*WORK REQUEST*
Retype the whole listing below exactly, keeping every picture out of it.

*PROVIDED MATERIAL*

Segment Open

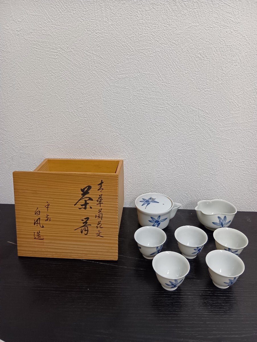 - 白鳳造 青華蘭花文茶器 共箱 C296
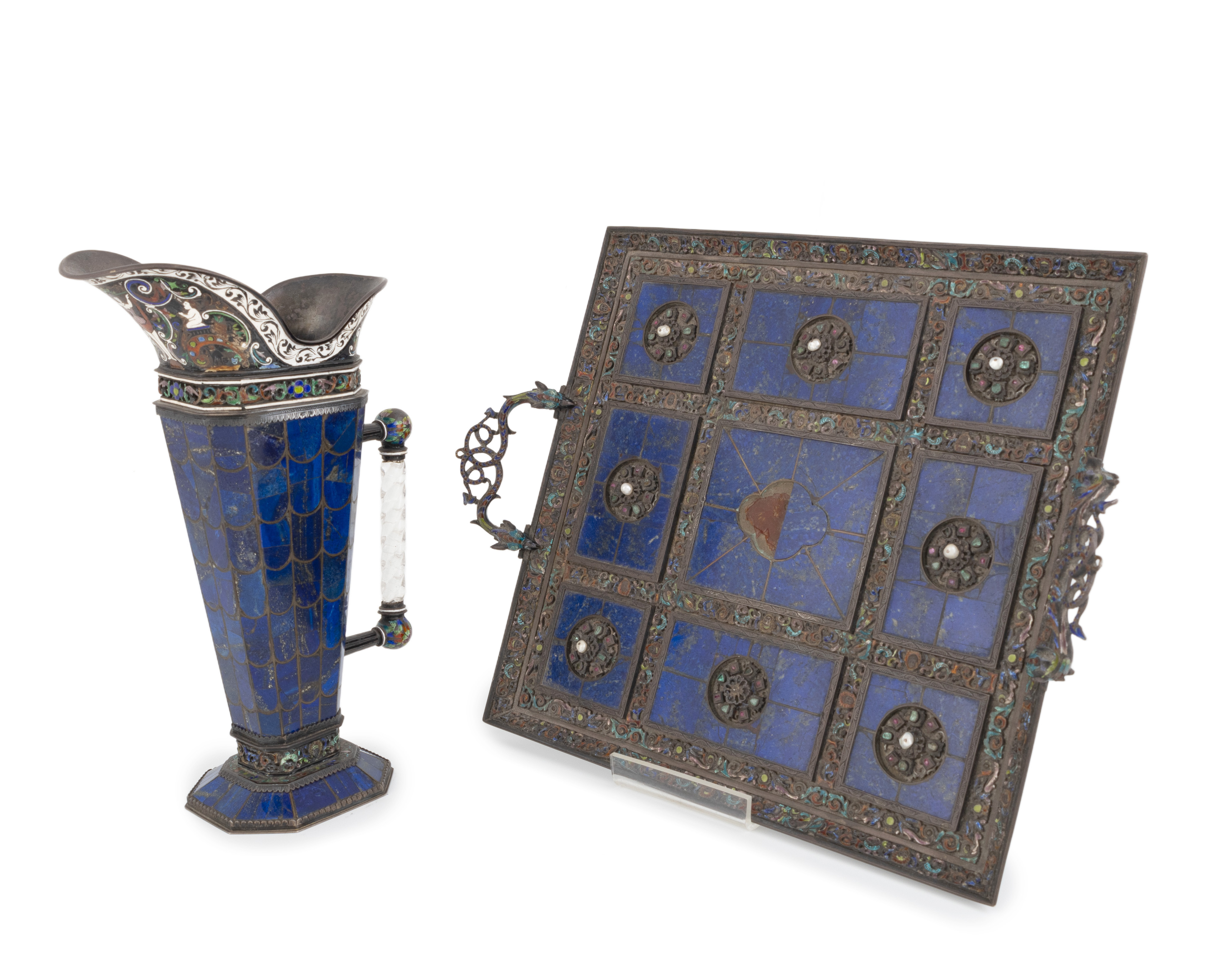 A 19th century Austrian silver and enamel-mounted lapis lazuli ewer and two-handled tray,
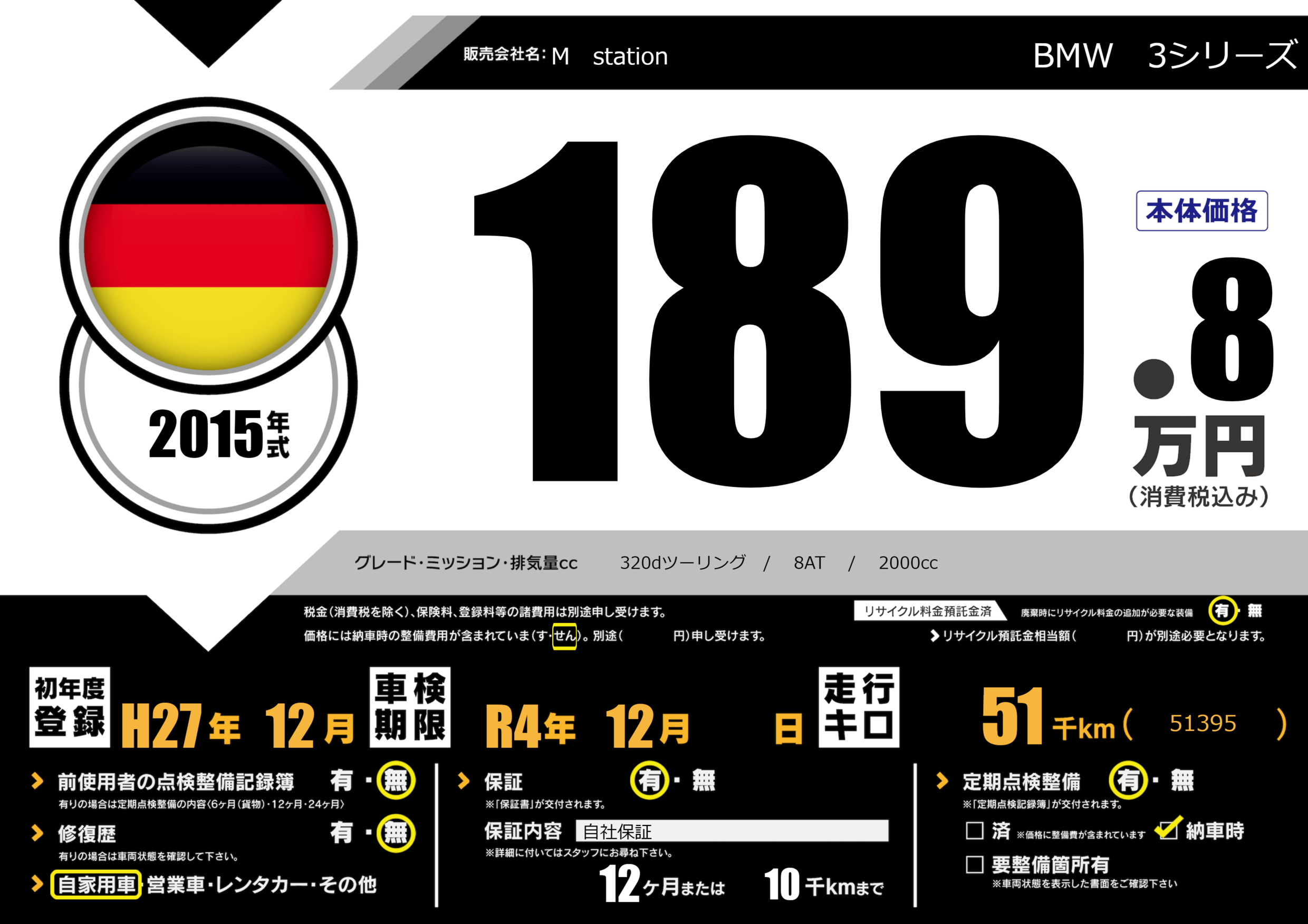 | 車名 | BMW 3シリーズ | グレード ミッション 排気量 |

Segment Closed

*OUTPUT OF THE TASK*
 - 白鳳造 青華蘭花文茶器 共箱 C296
 A 19th century Austrian silver and enamel-mounted lapis lazuli ewer and two-handled tray,
 | 車名 | BMW 3シリーズ | グレード ミッション 排気量 |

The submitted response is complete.